I would appreciate it if you could describe the interview process in more detail for the position you accepted.
This type of thing is why I was essentially forced to start my own solo company. There isn’t a force on earth which could make me subject myself to all that.

Enjoy your jobs those who will. I’m choosing a different life, even if it doesn’t dump endless money into my bank account.

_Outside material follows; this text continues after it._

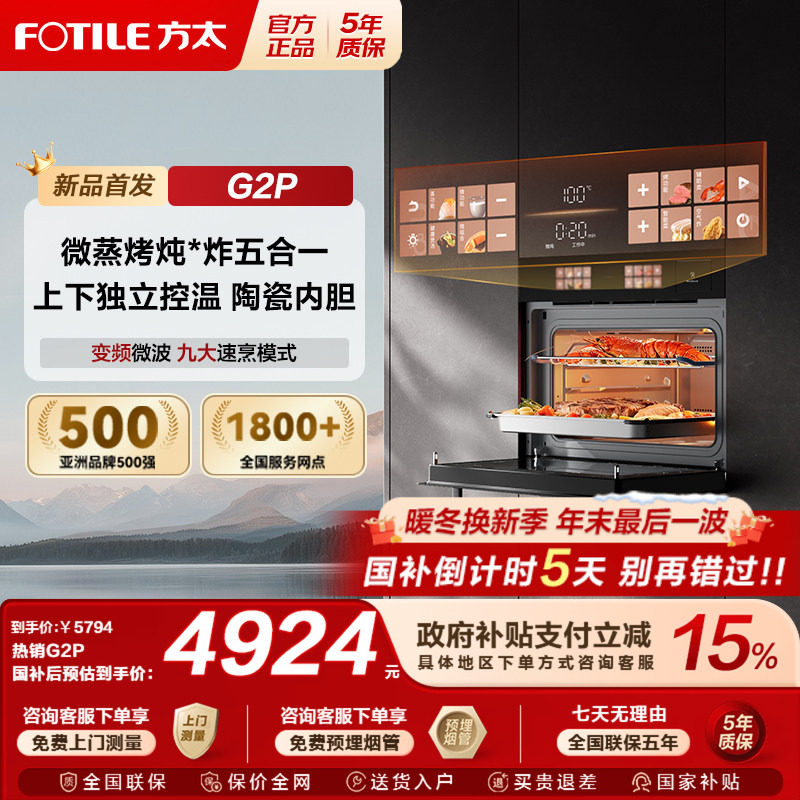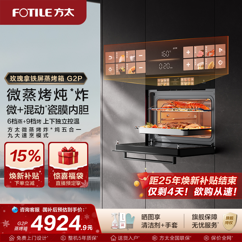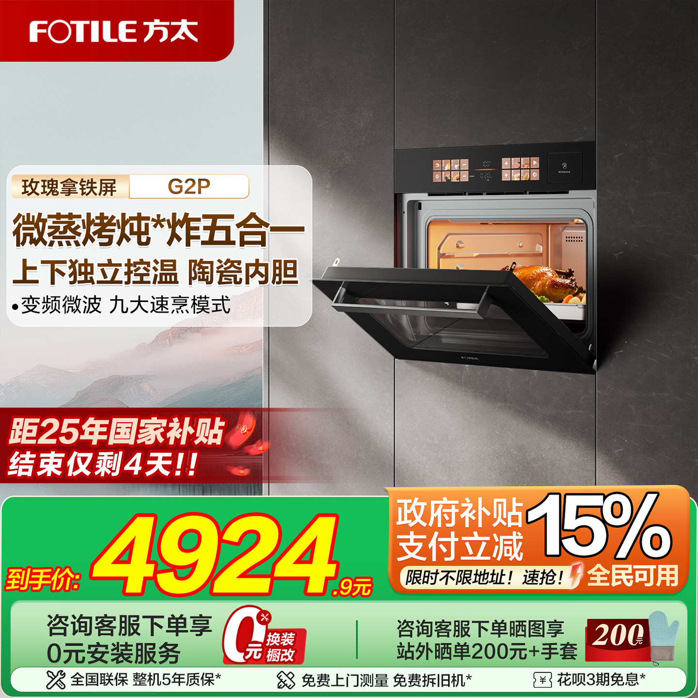 【新品】方太微蒸烤一体机G2P嵌入式微波炉炖炸五合一官方旗舰

I understand the spray and pray sentiment, but I cannot recommend enough hustling connections at the companies you’re targeting. Channel your inner SDR and stalk the company, the people you’d work with and the best guess at who would be your boss. Clearly don’t be creepy, but connecting on LinkedIn, mentioning you’ve applied, generally seeing what these people are up to is 100% free and you might even spot an event they’re attending that you could “bump in to them”. It’s so hard for someone not to do some sort of follow up if you’ve met them face to face and had a pleasant conversation such as recommending the hiring manager follow up with you etc. Having a direct connection means you can also prod someone every couple of weeks if you haven’t heard anything from your initial application. Most of the time people are embarrassed their company is being slow on processing good applicants. It’s hard but it really makes you stand out from the pure spray and prayers.
I have tried stuff like this but I feel you know much more about it than I do.

Can you low-key coach me how to do this better? My email is in my profile.

Emphasis on low-key. I don’t want to take too much of your time.

Sure, I’ll drop you an email.
> 3) Don't do coding exercises before you interview with someone, be weary of asymmetrical time expenditures. see #2.

I hope no one outside of highly experienced individuals applies this rule when looking for a job in 2025.